Teen apparel retailer American Eagle Outfitters (NYSE:AEO) continues its strong run post solid Q4 results, with the stock touching a 52-week high Monday. Apart from a strong line-up for the spring quarter and good acceptance in key categories including denim, wovens, tees and shorts, American Eagle’s newly appointed CEO, Robert Hanson, is finding a liking among investors.
Considering American Eagle’s better inventory management, lower markdowns and strong sales in this quarter, we believe 2012 can be a turnaround year for the company. American Eagle competes with other teen specialty retailers such as Abercrombie & Fitch (NYSE:ANF), Aeropostale (NYSE:ARO) and Gap Inc. (NYSE:GPS).

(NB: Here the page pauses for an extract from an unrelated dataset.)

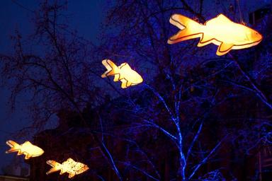 Keywords: lamps lighting fish night orange blue light lights colorful atmosphere trees yellow dark lichtspiel seem installation color objects
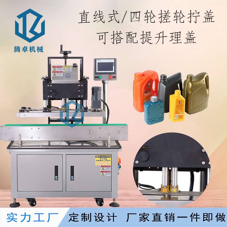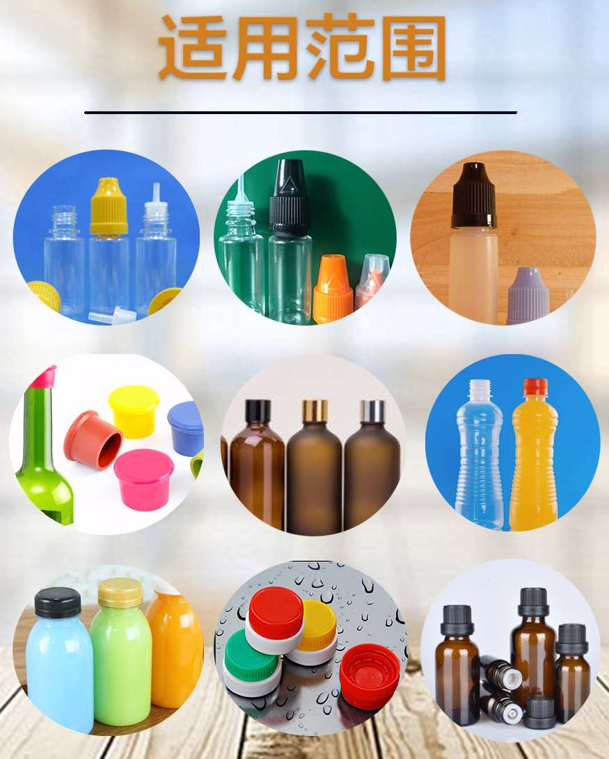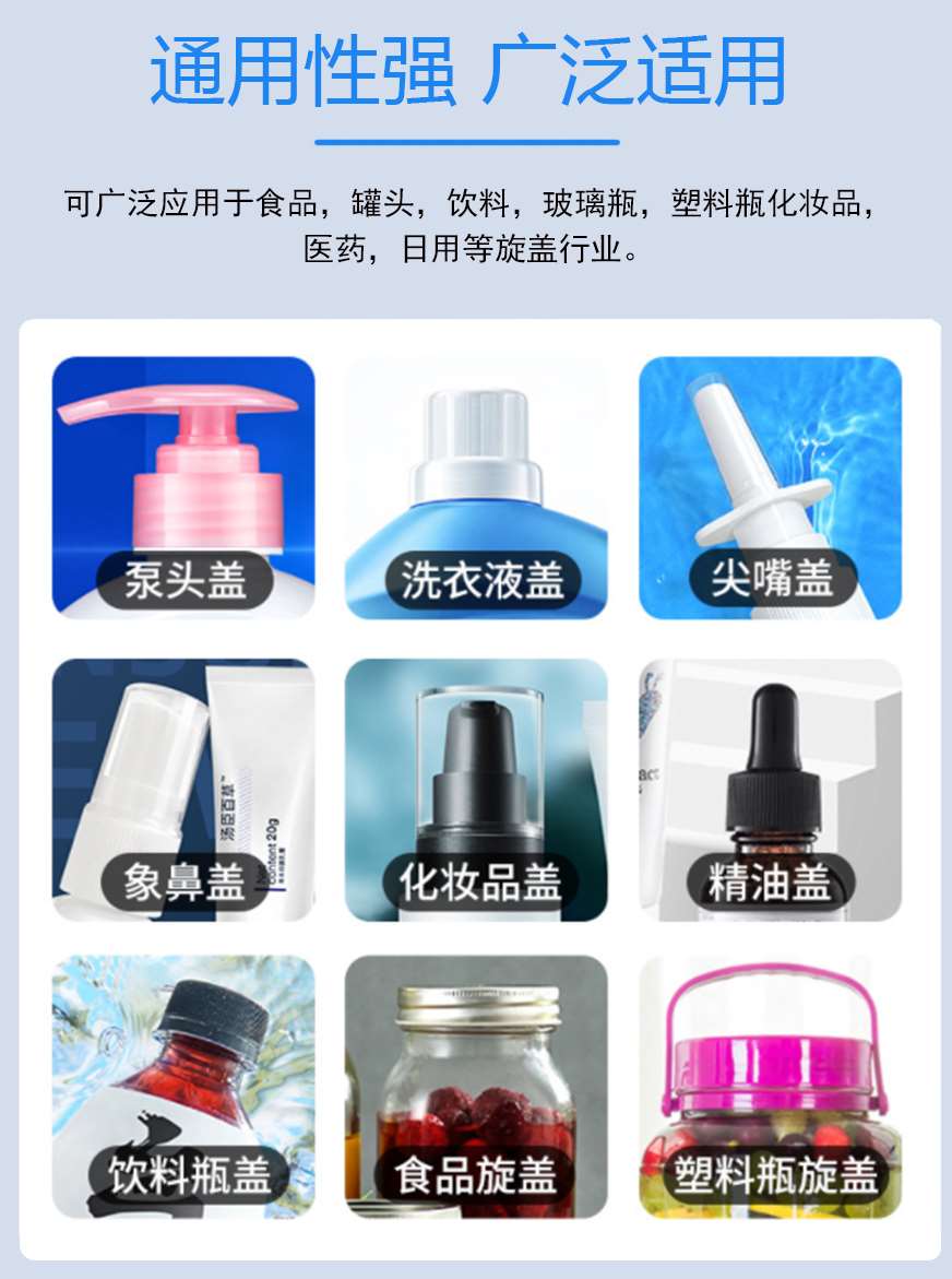 本機主要適用于螺絲紋平頭塑料蓋旋蓋擰緊,例:潤滑油桶、礦泉水瓶、藥瓶、日化用品、飲料瓶等。調(diào)節(jié)簡單,使用方便??杉嫒荻喾N瓶子蓋子。

2012 – a potential turnaround year for American Eagle Outfitters
This year has started on a positive note for American Eagle Outfitters. While a 35% reduction in inventories was the primary catalyst behind the growth after Q4 FY11 earnings, solid sales in February and good traction in key apparel categories have carried forward this positive momentum.
Additionally, the appointment of new CEO Robert Hanson is also boding well with the market expectations. Hanson has been instrumental in American Eagle’s successful spring endeavors, and the market expects this trend to continue.
We also expect the company to start benefiting from declining cotton prices starting this quarter, which should improve American Eagle’s margins, going ahead.